Lipids in Health and Disease201716:175

https://doi.org/10.1186/s12944-017-0562-y

  • Received: 15 August 2017
  • Accepted: 4 September 2017
  • Published:

Abstract

Background

Hypertension and the triglyceride and glucose index both have been associated with insulin resistance; however, the longitudinal association remains unclear. This study was designed to investigate the longitudinal association between the triglyceride and glucose index and incident hypertension among the Chinese population.

Methods

We studied 4686 subjects (3177 males and 1509 females) and followed up for 9 years. The subjects were divided into four groups based on the triglyceride and glucose index. Univariate and multivariate Cox regression models were used to analyse the risk factors of hypertension.

Results

After 9 years of follow-up, 2047 subjects developed hypertension. The overall 9-year cumulative incidence of hypertension was 43.7%, ranging from 28.5% in quartile 1 to 36.9% in quartile 2, 49.2% in quartile 3 and 59.8% in quartile 4 (p for trend < 0.001).
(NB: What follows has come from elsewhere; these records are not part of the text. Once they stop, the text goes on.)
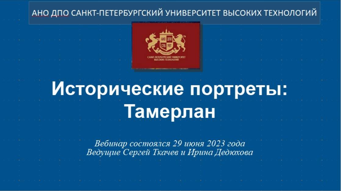 Исторические портреты: Тамерлан (2023) Вебинар Книжной лавки на эту тему состоялся 29.06.2023 г. Видео материал к вебинару, вырезан из ролика из-за ограничения по времени - http://my.mail.ru/mail/al3101961/video/16/1519.html Ведущие Сергей Ткачев и Ирина Дедюхова Смотреть по теме: Исторические портреты: Тамерлан https://ogurcova-portal.com/istoricheskie-portrety-tamerlan/ Источники: Научно-технический портал «Технарь» https://ogurcova-online.com/ "Книжная лавка" https://ogurcova-portal.com/ "Литературное обозрение" https://litobozrenie.com/ Вебинар разработан и проведен в рамках образовательных программ АНО ДПО СПБ УВТ - Санкт-Петербургский университет высоких технологий https://univer.spb.ru/ в соответствии с законодательством об образовательной деятельности в РФ N 273-ФЗ по лицензии №3911 Комитета по образованию Правительства СПб https://univer.spb.ru/wp-content/uploads/2019/12/license015small-1.jpg
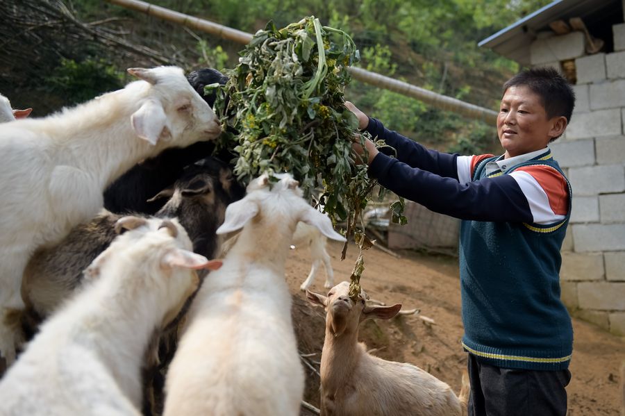Zhang Chuanfeng feeds his lambs in Zhufan Village of Jinzhai County, east China's Anhui Province, April 26, 2017. (Xinhua/Zhang Duan)
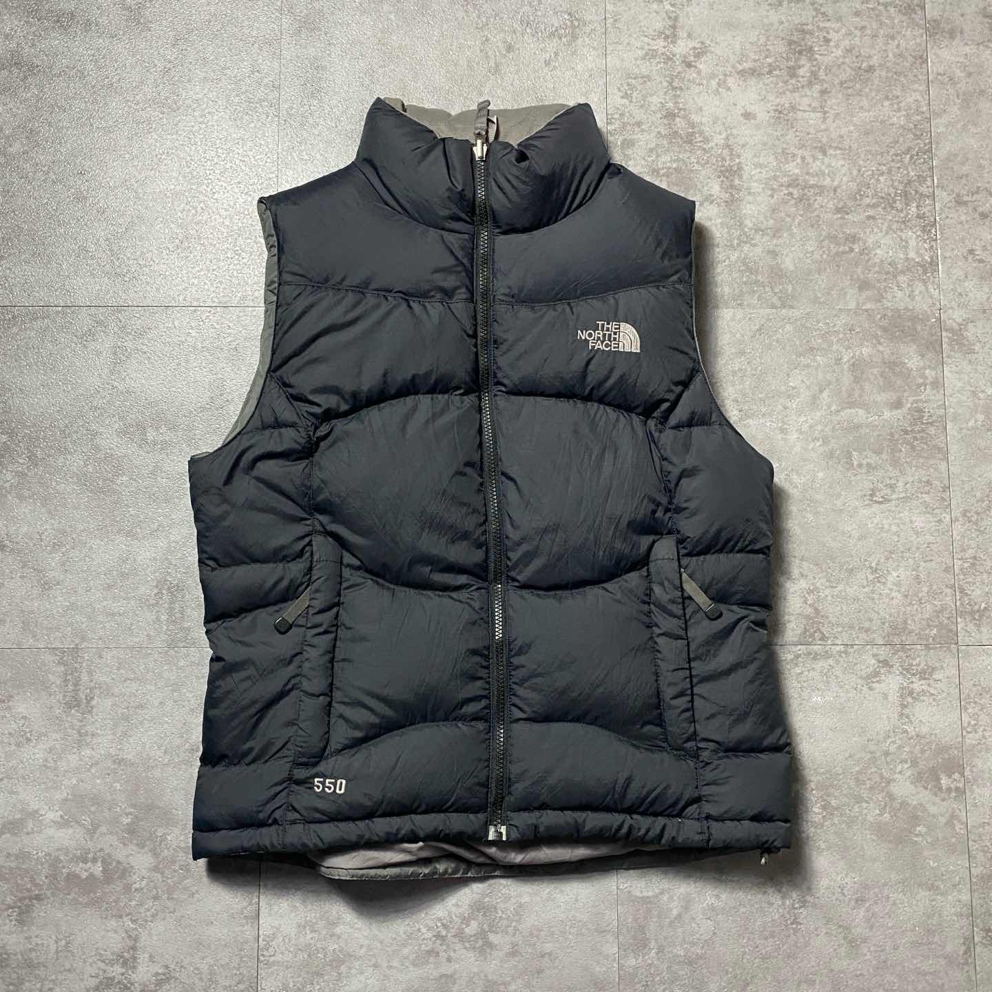 ノースフェイス 550フィルパワー ブラック 刺繍ロゴ ダウンベスト
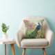 Elegant Blue Green Peacock Pink Flowers Forest Cushion
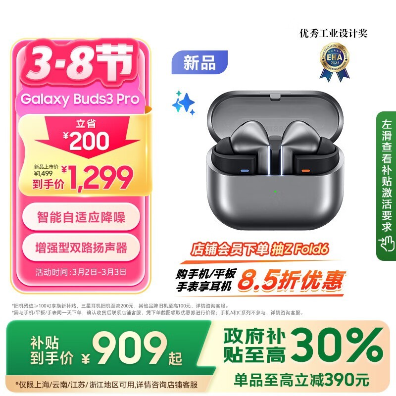 三星Galaxy Buds3 Pro真无线降噪耳机星际银流沙白刀锋LED设计
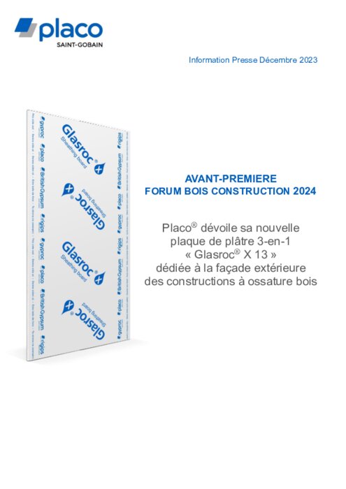 Poursuivant son engagement pour accompagner le développement de la construction bois en France, Placo lance la plaque Glasroc X 13, un produit de rupture destiné aux façades et à l’enveloppe extérieure. A l’occasion du prochain
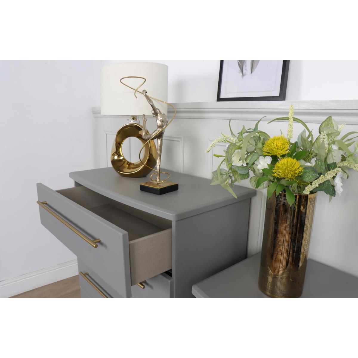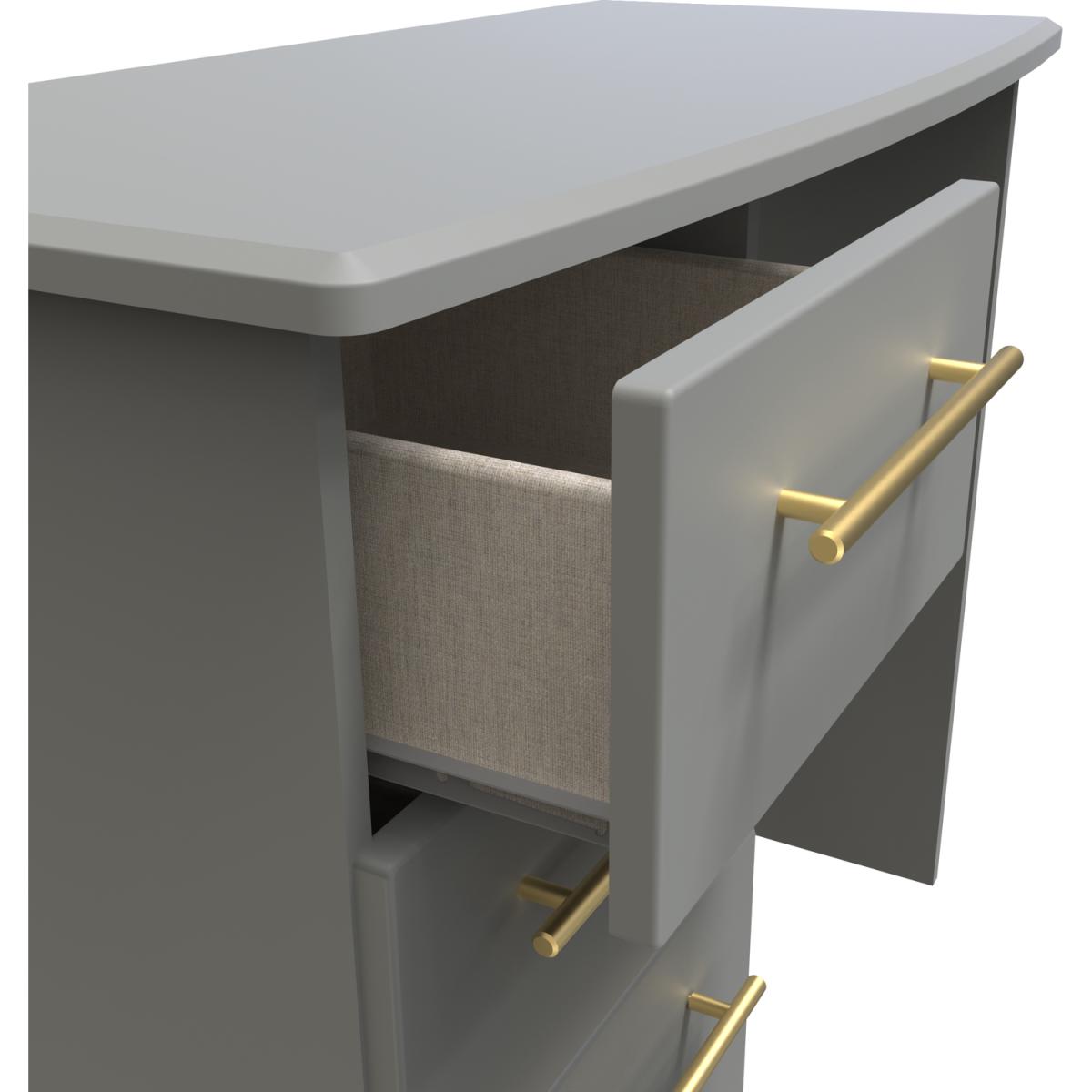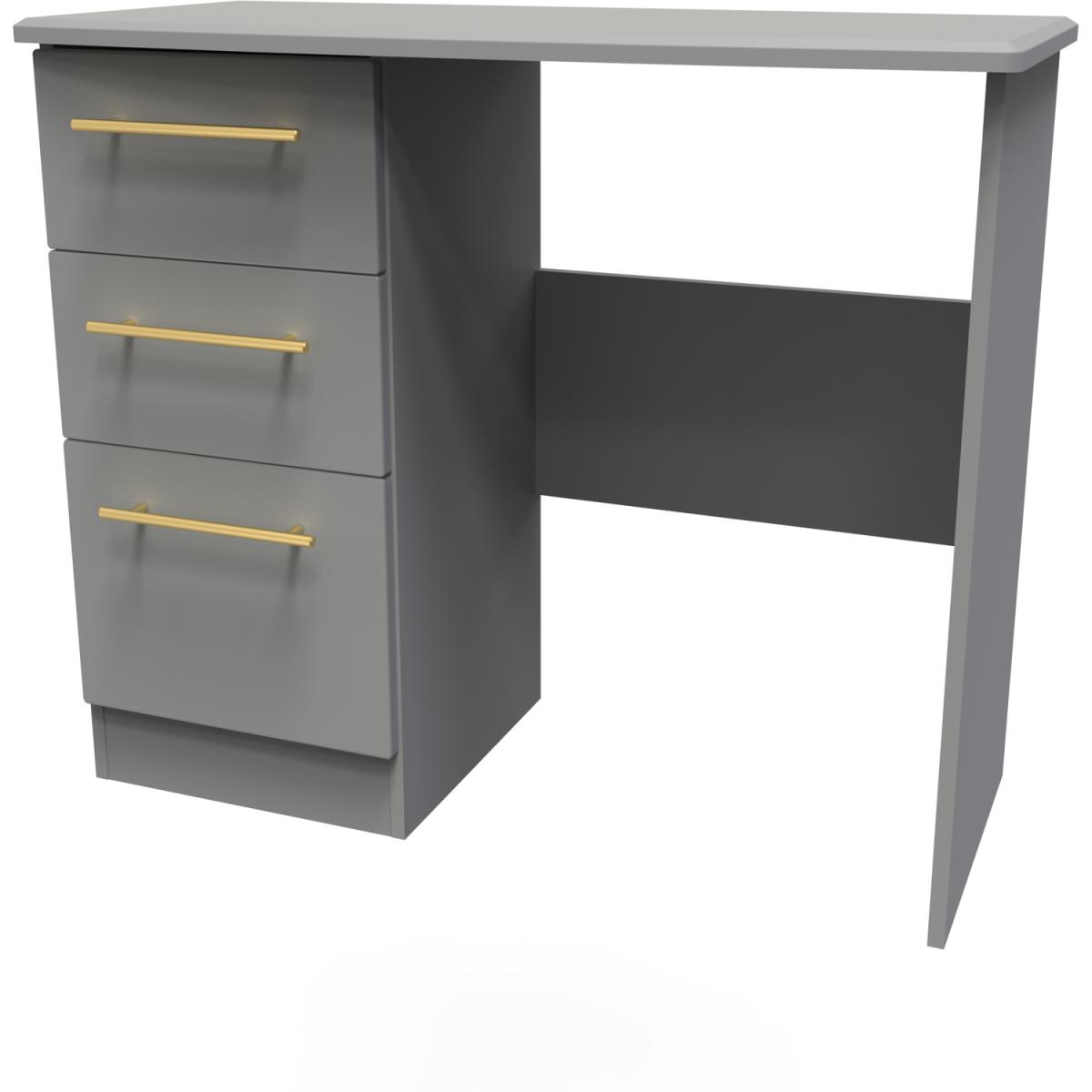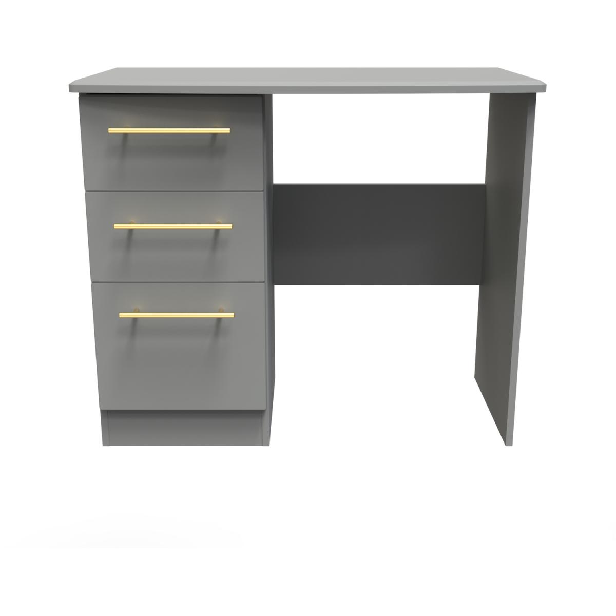 This practical 3 drawer narrow deskvanity is perfect for any bedroom or office. A matching stool and mirror (in 2 sizes) are also available. This range is modern and elegant with a smooth clean design. Features sleek gold T-Bar handles and comes ina range of scratch resistant colours. All our furniture is made in the United Kingdom, to the highest quality. All our furniture is made in the United Kingdom, to the highest quality. It is delivered direct to your location of choice by one of our two man delivery teams, and come full assembled (although legs may be removed to prevent damage in transit).
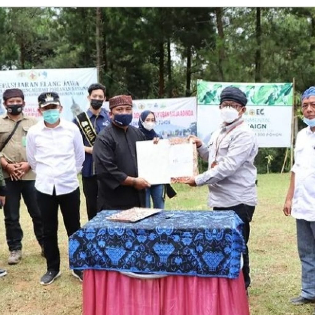 Selain pelepasliaran elang jawa, Wabup Lebak bersama Kepala Balai TNGHS Ahmad Munawir, Para Kepala OPD Pemkab Lebak, Muspika Kec Sobang dan Lebak Gedong, Paguyuban Saija Adinda melakukan penanaman secara simbolis 1300 bibit pohon dan dilaksanakan penandatanganan perjanjian kerjasama kemitraan konservasi antara Balai TNGHS dengan Cihambali Lestari. (N@nk-Rs)
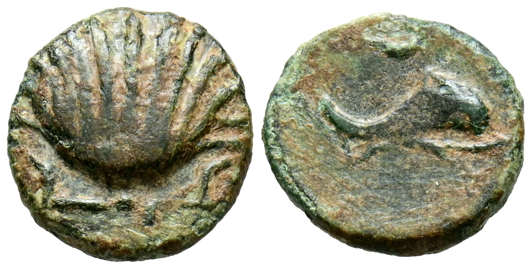 English ARSE-SAGUNTO (Sagunto, Valencia). Sextant. (Ae. 1.19g/11mm). 170-20 BC (FAB-2064). Anv: Shell. Rev: Dolphin to the right, crescent above, Iberian letter A and star below. Very Fine.

Cox regression analyses indicated that higher triglyceride and glucose index was associated with an increased risk of subsequent incident hypertension.

Conclusion

The triglyceride and glucose index can predict the incident hypertension among the Chinese population.

Keywords

  • Triglyceride and glucose index
  • Hypertension
  • Epidemiology

Background

With the population aging, hypertension (HTN) has become the most important risk factor for cardiovascular disease (CVD) morbidity and mortality [14]. According to a WHO report, it was estimated that the HTN mortality was about 55% worldwide in 2013 [5, 6]. Considering that HTN has been one of the most serious public health issues [7], an effective and accurate predictor for the incident HTN should be needed nowadays.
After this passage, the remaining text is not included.